Ban? Who said anything about ban?! I’ll take this as you agreeing with me. Crypto is used for criminal transactions.
In case there's any confusion, I'm also not advocating for the banning of fingers.
You are implying that cryptocurrencies only have use for criminals. That is patently false, and you know it. Of course some crypto transactions facilitate crime, but as studies have shown, this is the exception not the norm. The latest Chainalysis numbers estimate that transactions involving illicit addresses made up only 0.12 percent of the total cryptocurrency transaction volume in 2021 and 0.24 percent in 2022
See:
https://www.cato.org/blog/overstating-crypto-crime-wont-lead-sound-policy
Note: In case you don't trust Chainalysis, consider that their clientele includes the U.S. Government (DEA, FBI, CIA, etc.) as well as many other nations' investigative wings.

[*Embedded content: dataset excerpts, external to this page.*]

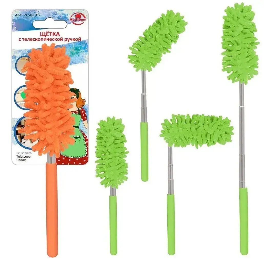 Регулируемая телескопическая ручка позволяет легко добраться до труднодоступных мест без лишних усилий. Мягкие полиэстеровые ворсинки бережно очищают поверхности, не оставляя царапин.
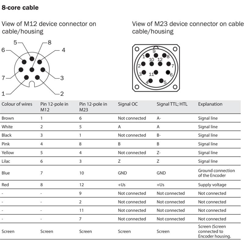 • Type de raccordement : connecteur mâle M12, M23, câble, câble avec connecteur mâle M12, M23
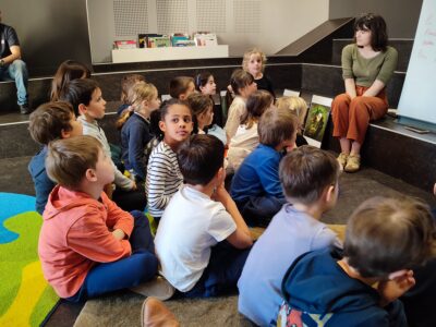 A la médiathèque Geneviève Couteau, les élèves de la classe...
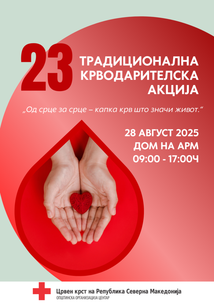 Црвен крст на Република Северна Македонија Општинската организација Центар и Институтот за трансфузиона медицина на Република Северна Македонија, по повод празникот Успение на Пресвета Богородица, на 28.08.2025 година, традиционално по дваесет и трети пат организира крводарителска акција.
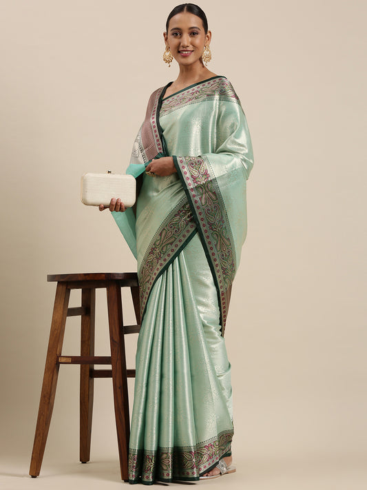 Sea Green Kanchi Silk Banarasi Sarees For Women GEBE10
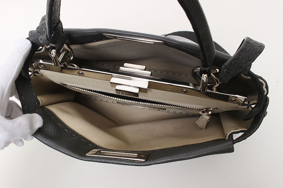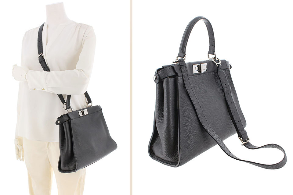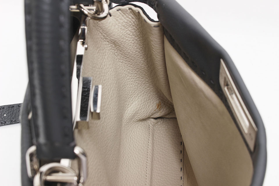 金具に小傷、フチにスレ、内側に薄汚れや上部に少し浮き、型くずれは見られますが、全体的には綺麗です。箱・保存袋なし。
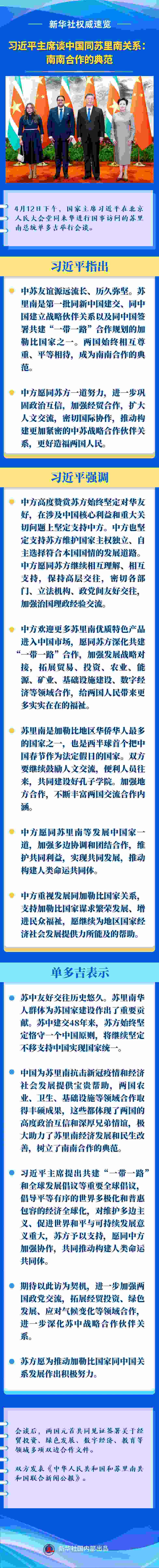 習(xí)近平指出,中國(guó)同坦桑尼亞傳統(tǒng)友誼深厚。近年來,兩國(guó)關(guān)系高水平發(fā)展,雙方在涉及彼此核心利益和重大關(guān)切問題上相互支持,各領(lǐng)域務(wù)實(shí)合作成果豐碩。我高度重視中坦關(guān)系發(fā)展,愿同哈桑總統(tǒng)一道努力,落實(shí)好中非合作論壇北京峰會(huì)成果,推動(dòng)中坦全面戰(zhàn)略合作伙伴關(guān)系不斷邁上新臺(tái)階,為構(gòu)建新時(shí)代全天候中非命運(yùn)共同體作出更大貢獻(xiàn)。

Again, you’re missing what’s being said. Remittances aren’t a primary use case, but if they were the dominant use of Bitcoin though the connection would be this:
Do some more research about cryptocurrencies and remittances. Venezuela, Lebanon, Afghanistan, and Nigeria, Kenya, and plenty of other countries have experienced surges of crypto growth at various points in the last few years. See:
https://www.brookings.edu/blog/afri...le-of-cryptocurrencies-in-sub-saharan-africa/ or
https://techcrunch.com/2021/10/09/crypto-remittances-are-a-lifeline-for-the-worlds-most-vulnerable/
In case you don't follow those links, here's a snippet: Chainalysis found that between July 2020 and June 2021, Africans received $105.6 billion worth of cryptocurrency payments—an increase of 1200 percent from the year before.

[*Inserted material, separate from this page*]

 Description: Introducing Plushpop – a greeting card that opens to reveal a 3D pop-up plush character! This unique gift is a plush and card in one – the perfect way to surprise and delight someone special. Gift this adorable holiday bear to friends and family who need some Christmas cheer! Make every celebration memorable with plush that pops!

If someone is getting more money out, someone else is getting less. If the primary users are just using it as a means to transfer remittances across borders, those people are losing money to the profiteers.
This is also not true. Recall that Bitcoin has a settlement time of 10 minutes, other cryptocurrencies can be even less than that. That 10 minutes is your settlement risk - the period of time when value can fluctuate. The reality is within any given 10 minute time frame, cryptocurrencies don't move all that much - certainly far less than the very expensive fees incurred with competitors such as Western Union.
However, this assumes that the receiver even wants to convert their BTC back into local currency - they very well may not. In that case, they are willing to take on the speculation of future gain/loss. That is their choice to make. If you live in Venezuela or Nigeria, you likely prefer holding Bitcoin and converting as little as possible to your local currency for the goods you need in the immediate future.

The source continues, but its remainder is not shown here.